Two years ago, before I was a network engineer, I worked as a NOC engineer. The job of a NOC engineer is basically to monitor the network and call someone when something breaks. To facilitate that task, a network operations center will be outfitted with a network monitoring system of some sort. When I started the job we used Nagios as that monitoring system. Nagios is freeware and it runs on Linux. Its system requirements are not burdensome. In our case we were running it on Fedora Core 4 on redundant POS Dell servers. It can run a variety of checks against network equipment and servers from ping checks to SNMP polls and service monitoring (HTTP, SMTP, etc). It’s open source and there are hundreds of add-ons for it from new web front-ends to extra service checks and auto-discovery scripts. With a little scripting know-how, it was easy to configure Nagios to do basically whatever we wanted.

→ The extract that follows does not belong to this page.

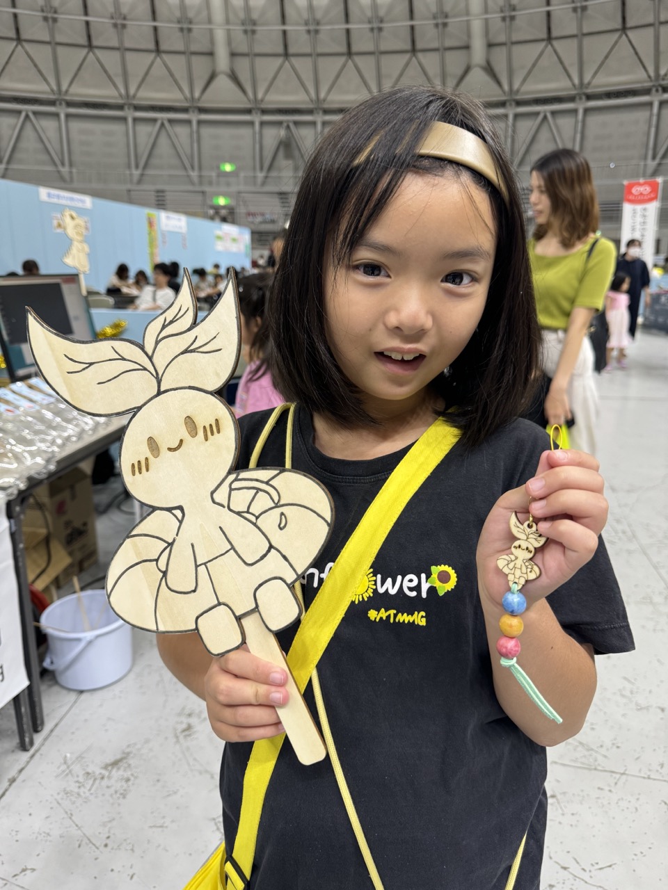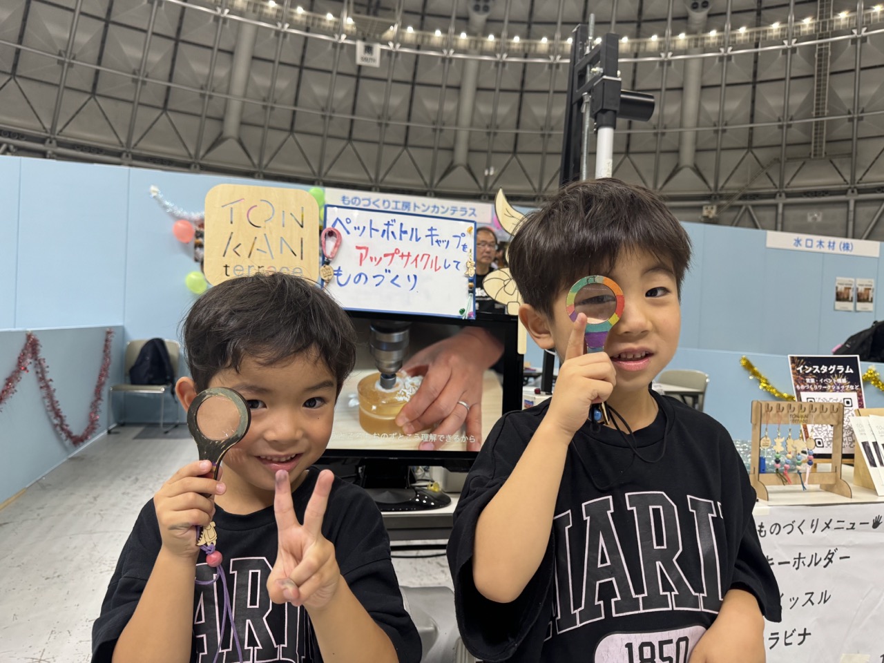 トンカンテラスブースでは、ペットボトルキャップをアップサイクルしたビーズを組み合わせて作るキーホルダーの他、
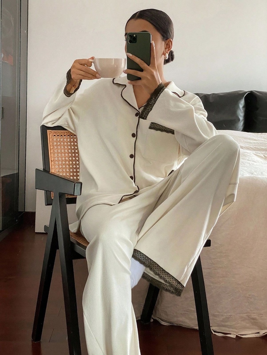 Важно: обратите внимание на цвет. Домашняя одежда из футера может быть серой, бежевой, синей или глубоко-зеленой, но избегайте «кислотных» расцветок с блестками — это удешевляет образ.

Nagios has one downside: it’s management intensive. Autodiscovery is not a reliable way to find new network equipment, and frankly you should know whenever something new is added to your network. Thus, every new piece of equipment has to be added to the monitoring system manually. Fortunately, doing so is easy. A trained monkey could manage Nagios. With nine NOC engineers, three per shift, each trained in Nagios administration, the management overhead was very light. Each of us was also capable of troubleshooting the monitoring system individually, which is handy when it breaks at 3AM.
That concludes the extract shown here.